El holocausto judío, el ensañamiento de los ocupantes nazis en la URSS y el resto de Europa, los bombardeos atómicos sobre Hiroshima y Nagasaki, los 100 millones de muertos ocasionado por la II Guerra Mundial, la mayoría de ellos europeos, los 3 millones de fallecidos durante la Guerra de Corea y los vietnamitas que corrieron igual suerte, indican las dimensiones de la crueldad. Todas esas muertes y los sufrimientos asociados pudieron evitarse.
La reciente voladura de la represa de Nova Kajovka, una infraestructura civil que abastecía de agua al Sur de Ucrania, a Crimea, alimentó los circuitos de enfriamiento de la planta electro nuclear de Zaporiyia y movía las turbinas de la hidroeléctrica del mismo nombre, es un acto bárbaro, aunque no más que los feroces bombardeos que desde hace 15 meses intercambian los contendientes.
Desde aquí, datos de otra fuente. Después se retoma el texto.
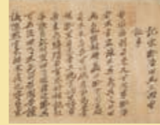
「記宋鄒浩田画王回曾誕生」吉田松陰 安政6年(1859) ※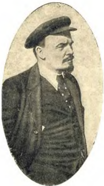
В. И. Ленин.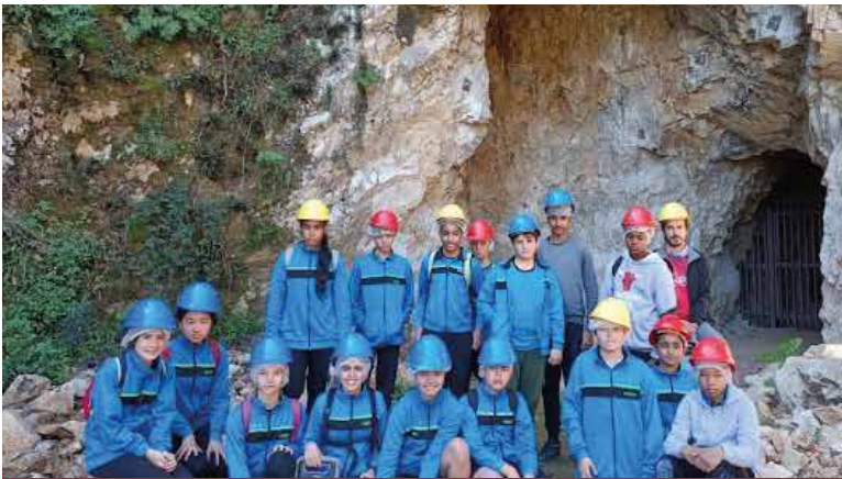
Credit de síntesi S1, les coves del Pasteral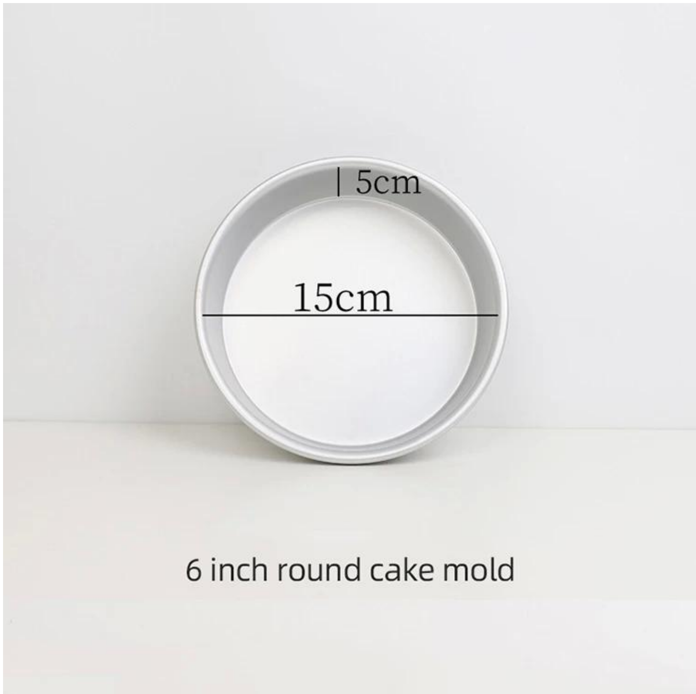
6 inch round cake mold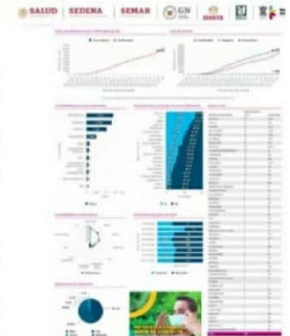
De acuerdo al reporte técnico del CESS, el municipio de LC inició la última semana de enero con cero nuevos casos positivos de COVID-19. Tampoco se reportó ningún nuevo deceso.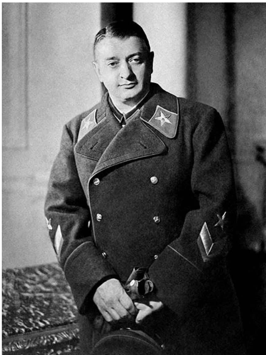
Marszałek Michaił Tuchaczewski na zdjęciu z 1936 r.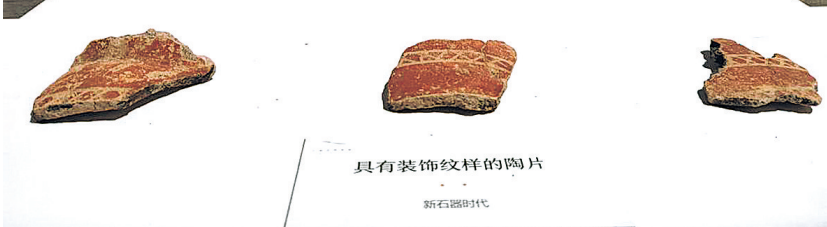
黄山上遗址出土的跨湖桥文化时期的陶片。

来自“浙西南、闽北、赣东先秦考古学术研讨会”上的消息,“十四五”期间浙西南区域系统调查成果丰硕,填补了这一地区先秦考古的诸多空白。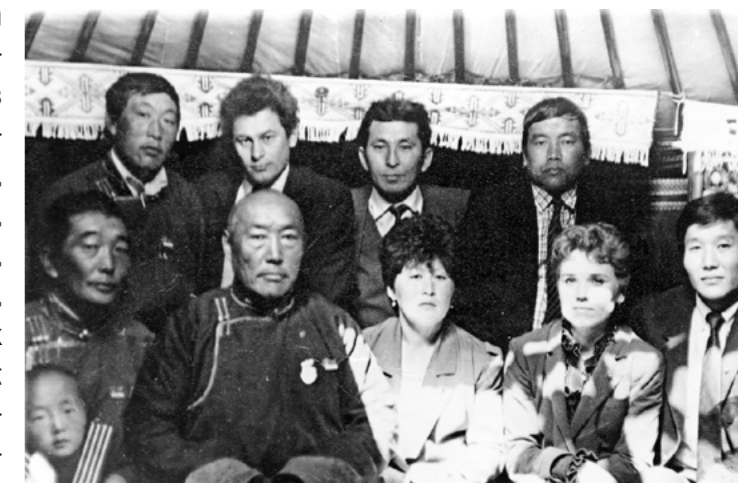
Комсомольцы округа в Монголии, 1985 г.

/Панорама округа. – 1998. – 28 окт. – С. 2./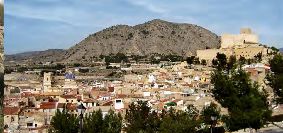
Edad Media y Moderna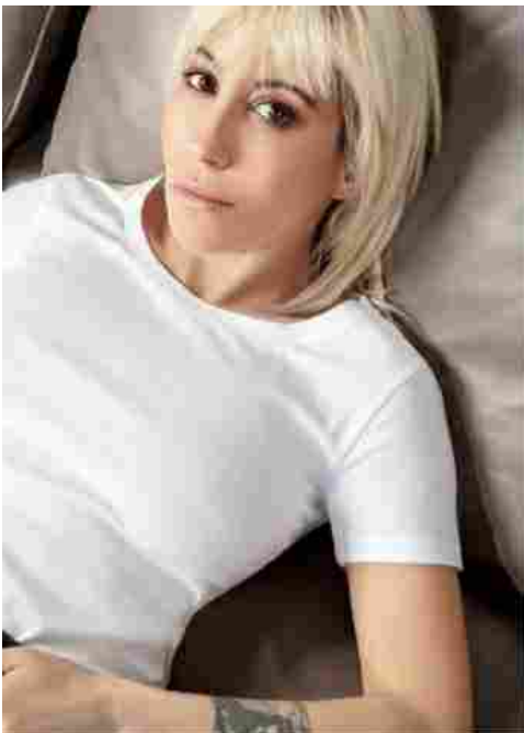
Malika Ayane e Irene Vallejo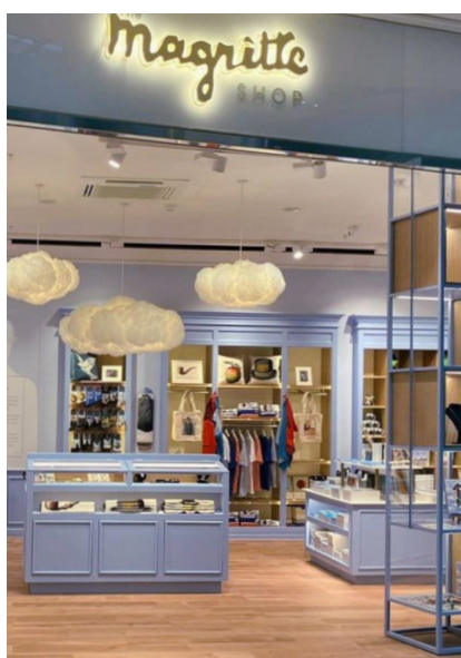
MAGRITTE SHOP BRUXELLES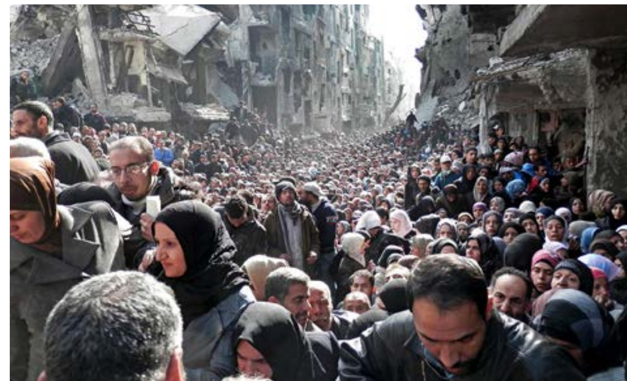
Ante un panorama tan desolador, a los sirios no les ha quedado más que huir de ese infierno.

Por lo tanto, a los sufridos sirios no les ha quedado otra alternativa que huir de ese infierno. Las noticias presentan imágenes impresionantes, en donde se observa a filas de familias, caminando en busca de un país que los acepte. No traen equipaje, no traen papeles migratorios, seguramente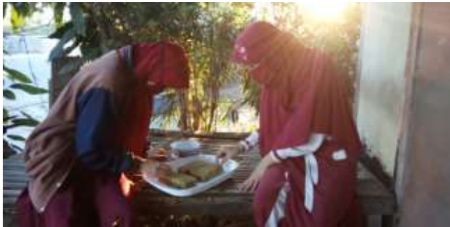
Gambar 12 Penyemaian benih tanaman sawi

Dalam program ini, kita memulai dengan kegiatan penyemaian bibit sayur, membuat media tanam, menyiram tanaman setiap pagi dan sore, memberi pupuk dua minggu sekali, dan lain-lain. Adanya kegiatan ini membuat masyarakat semakin senang untuk bercocok tanam. Mulai dari menanam bibit cabai, tomat, jeruk dan lain sebagainya. Kegiatan ini dilakukan oleh Hilyatul Auliya.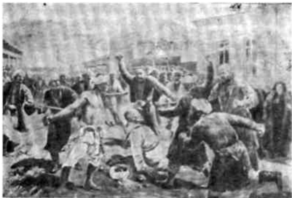
Восстание 1916 г. События в Маргелане. С картины худ. Гаврилова.

енное положение и образовать полевые суды для наказания „преступников“.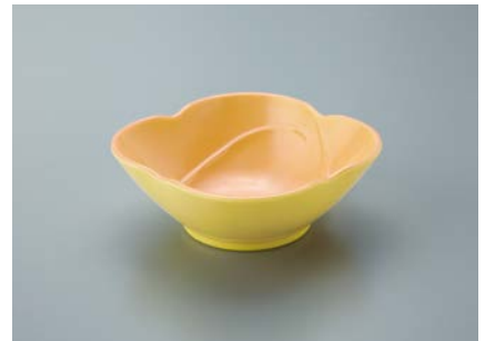
MB-690 FA (ふる里) 花卉小鉢 90 × 33 ・ 100ml ¥660

POINT 一つひとつの風合いが異なる陶磁器の釉をかけたようなグラデーションです。

Matar es inhumano e ilegal, excepto cuando se realiza por militares en guerras entre los Estados y a veces entre el Estado y su propia población como es el caso de las llamadas “guerras civiles”. La guerra es una aberración que, al ser practicada por todas las culturas y civilizaciones en todos los tiempos, ha llegado a sublimarse hasta parecer hechos naturales, necesarios, incluso legítimos. En realidad no son nada de eso, sino una manera mezquina de apoderarse de territorios y riquezas ajenas, someter a poblaciones y acumular poder.
No obstante, debido a circunstancias históricas, la violencia social ejercida contra la opresión, la explotación y contra las dictaduras, así como las luchas de liberación nacional contra los imperios coloniales y los países imperialistas, algunas confrontaciones armadas adquieren una indiscutible legitimidad, convirtiéndose en “guerras populares”.
La más recordada de estas contiendas es la Segunda Guerra Mundial, en la cual jóvenes soviéticos motivados por la invasión y la ocupación nazi de su país, los británicos por los bombardeos alemanes a Londres y los norteamericanos por el ataque japonés a Pearl Harbor, se movilizaron por millones, como mismo hicieron los que en todos los países ocupados de Europa se sumaron a la resistencia y la lucha guerrillera.
Ante la imposibilidad de acabar con las guerras, precisamente en Europa se generaron esfuerzos por establecer “las leyes de las guerras” y “humanizar los conflictos bélicos”. En el siglo XIX, el fi lántropo suizo Henri Dunant, horrorizado por el sufrimiento de los soldados heridos y el maltrato a los prisioneros, fundó la Cruz Roja.
En el 1863 se efectuó la Primera Conferencia de Ginebra y fue firmada la Convención que estableció reglas para el tratamiento a los heridos.
En el 1854, durante la Guerra de Crimea, conmovida por las infrahumanas condiciones sanitarias en los frentes de batalla, con el apoyo de unas 30 mujeres, la enfermera Florence Nightingale se presentó en el campo de batalla donde desplegaron un extraordinario esfuerzo que salvó a miles de heridos en combate.
En el 1901, 13 años antes, el inicio de la Primera Guerra Mundial fue creado el Premio Nobel de la Paz, hasta hoy el máximo galardón en ese ámbito, ideado por Alfredo Nobel, un industrial sueco, fabricante de armamentos parte de cuya fortuna se debe a la invención de la dinamita, lo cual no es una paradoja, sino la expresión del rechazo a la guerra y las motivaciones de la lucha por la paz.
Es correcto calificar de barbarie la voladura de las compuertas de la represa de Nova Kajovka que abastecía de agua al Sur de Ucrania y a Crimea, aunque la verdad es que la tragedia real es la guerra, que no debió comenzar y que es preciso detener; de no hacerlo, se verán otras desgracias, tal vez peores.